How fast supply changes with price depends on this elasticity. Whether incomes increase or reduce, users continue buying and using the given products. A close substitute for Florida oranges is California oranges. Such as car and petrol, pen and ink, etc. A rise in price of coal or firewood used as fuel will not result in the quantity demanded suddenly falling, even though the substitute like kerosene or gas may be cheap. The ease of substitution, in turn, depends on the time period, availability of the substitutes and the production technology.
Effect Condition on relationship between goods Explanation of effect How it affects cross-price elasticity of demand none A finite income imposes a. On the other hand, the larger the price, the more would be the elasticity of demand. This is because the consumption of a luxury good, unlike that of a necessary commodity, can be deferred. The success of any soft drink manufacturer hinges on that company's capability to anticipate these consumer tendencies and plan accordingly. It is the availability of close substitutes that makes the consumers sensitive to the changes in the price of Coca Cola and this makes the demand for Coca Cola elastic.
For example with a rise in price of Horlicks, poor people by other milk powder relatively cheaper than Horlicks. However, the higher prices may force consumers to reduce their demand for those soft drinks. So their consumption is less important and can be very well postponed. Thus, the demand for Coca Cola is elastic. For, when the price is very small, a change in price would have no considerable effect on demand. But, however, the demand for the prestige goods is said to be inelastic, because people are ready to buy these commodities at any price, such as antiques, gems, stones, etc. So to keep himself fairly within his means, the consumer will reduce the quantity purchased.

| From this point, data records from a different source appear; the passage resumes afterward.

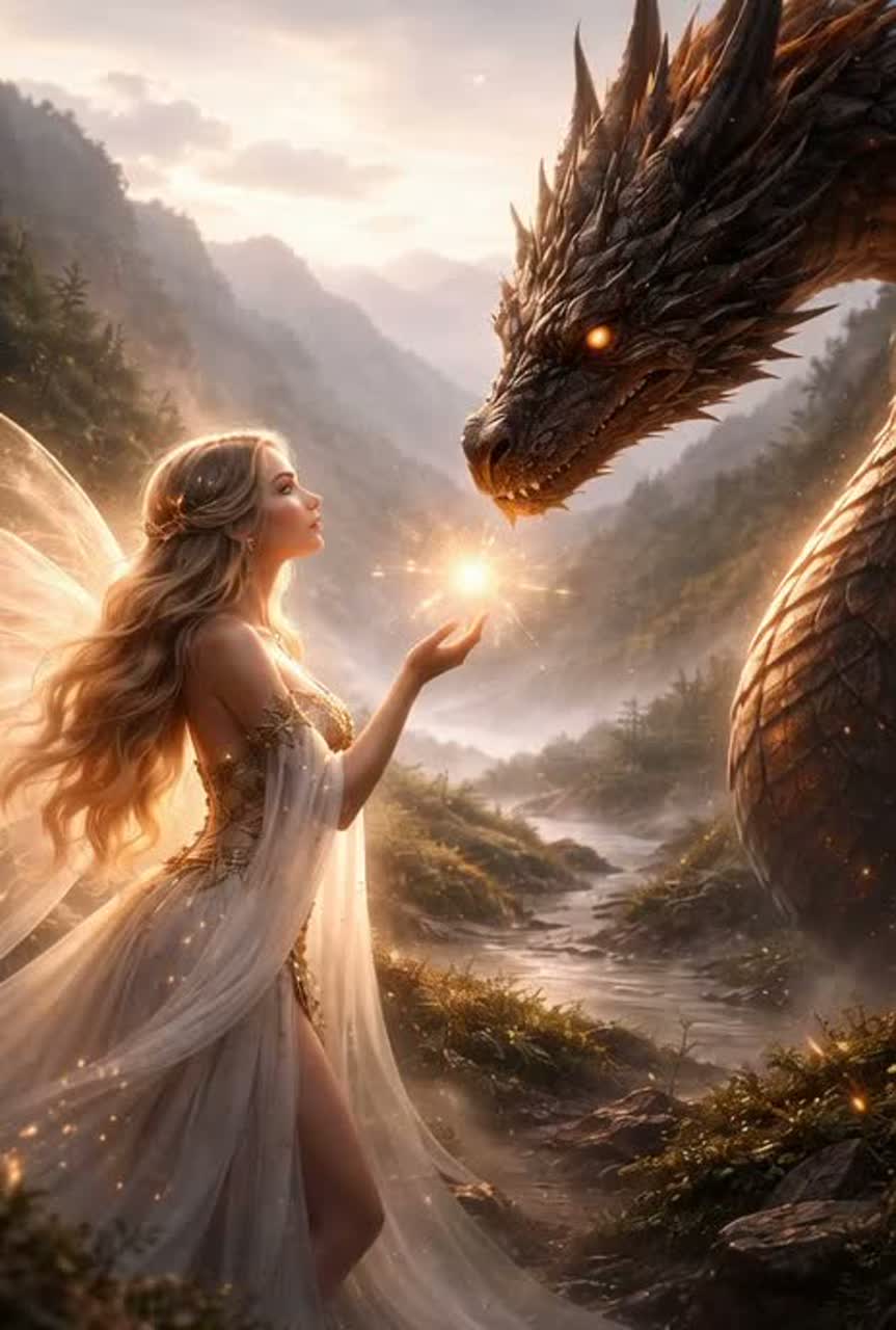 A fairy and a dragon walk through shadow, silence, and fire, only to remember the spark that cannot be extinguished.
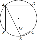 如图,ABCD为圆内正方形,AD=4,弦AE平分BC交BC于点M,则CE长为
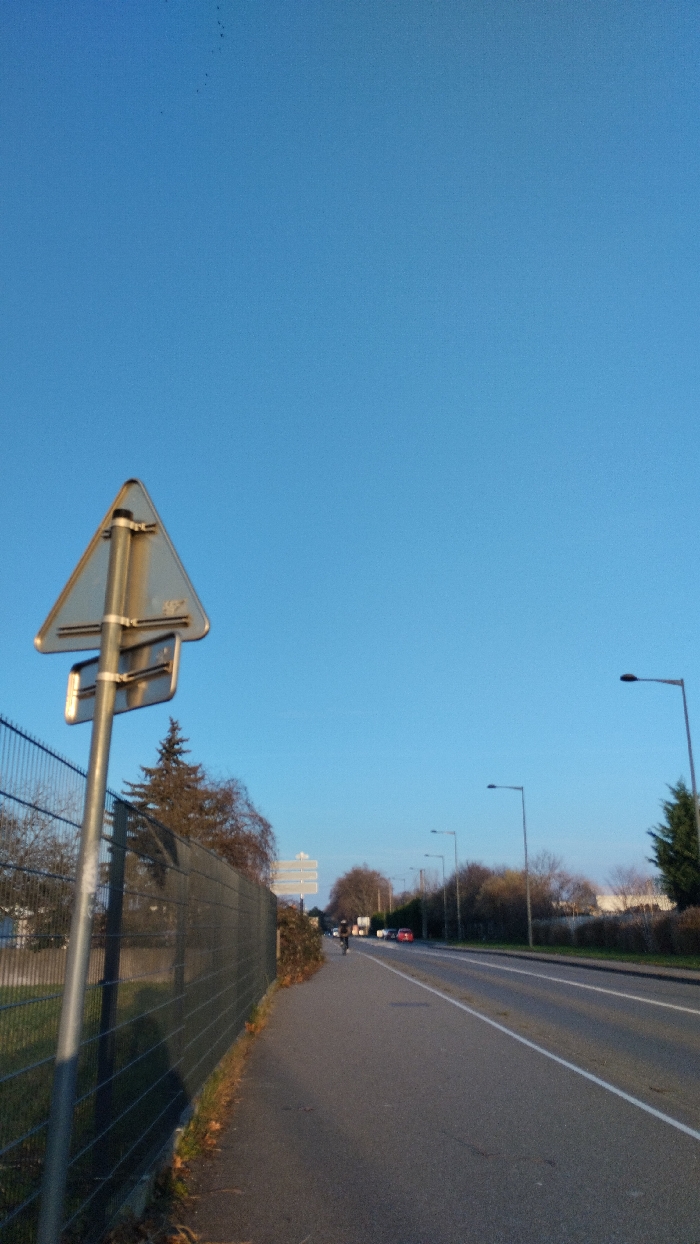 The scene depicts a daytime exterior view along a roadway in Hoenheim, France, under a clear, bright blue sky. In the immediate foreground, to the left, is a galvanized metal pole supporting the backside of two road signs; the upper sign is triangular, and the lower is rectangular. Adjacent to the pole, a dark green chain-link fence runs horizontally, extending into the midground. A long, distinct shadow, originating from an unseen source to the left, falls across the fence and a portion of the adjacent asphalt pathway. The midground features an asphalt pathway, lightly soiled with scattered dark debris or leaves, running parallel to the fence and leading into the distance. To the right of the pathway is an asphalt road, marked with a solid white line on its right edge, indicating a single lane visible from this perspective. Several modern streetlights with dark, curved fixtures line the right side of the road, receding into the background. Distant traffic includes a lone cyclist on the pathway, moving away from the viewer, and multiple cars on the road, also receding. One vehicle appears red. The environment along the fence and road consists of various trees and bushes, some exhibiting late autumn foliage, others bare. The background is dominated by a vast, cloudless blue sky, with a subtle group of small, dark specks visible in the upper-left quadrant, possibly birds. The light indicates a low sun angle, casting elongated shadows.

If its price rises to a very high level, it will be used only for essential purposes such as feeding the children and sick persons. For instance diamonds and articles of jewellery are luxuries used by richer classes. But specific brands of petrol or beef are likely to be more elastic following a price change. Nature of Goods: Refers to one of the most important factors of determining the price elasticity of demand. Therefore, the more necessary a good is to us, the less would be its price-elasticity of demand. When price of such a commodity increases, then it is generally put to only more urgent uses and, as a result, its demand falls.
So, elasticity of demand is different for different goods. If the price of an output increases, and producers have time to adjust supply, supply will be more elastic. Again, conversely, if the price of coffee decreases, then people might reduce their consumption of tea and they might considerably increase their use of coffee. For, if its price rises, its purchase would be deferred and its demand would fall, and if its price falls the deferred demand would appear in its market. Distribution of Income: Acts as a crucial factor in influencing the price elasticity of demand. The main reason for change in the elasticity of demand with change in price of some goods is the availability of their competing substitutes. When a farmer does not have the ability to house cattle, there is no way to stock the cows until the price of beef increases again.
Once consumers understand the functioning of such goods, they will certainly have a positive attitude and this improves the likelihood of them buying the good. Income: we distinguish two type of goods if we are talking aboutincome. Recommended Reading Buchholz, Todd G. Proportion of Income Spent on the Good 5. But what if cinnamon is scarce? Again, conversely, if the price of coffee decreases, then people might reduce their consumption of tea and they might considerably increase their use of coffee. Factors Effecting the Elasticity of Demand - 20 Good with close substitutes tend to have elastic demand curves.
Proportion of income spent: Elasticity of demand also depends on the proportion of income spent on different goods. If the price of that commodity is increased, the commodity will be demanded only in essential uses, and in other uses, substitute materials will be utilized. For example, if the price of petrol rises, then its demand would not contract immediately until the price of car increases. In the case of necessities, the demand cannot be postponed and so demand becomes inelastic. The price of the product changes - If the price of a product increases, employers are prepared to hire more workers.
The consumer will find it very difficult to make adjustments with substitute commodities. Either way the answer to your question is in your text for that weeks assignment. If it has a lot of substitutes food is this way , then it will be very price elastic. Such as the demand for the furniture can be postponed until the time its prices fall. The greater the possibility of substitution, the greater the price elasticity of demand for it. Alternative use: The demand for those goods having more than one use is said to be elastic.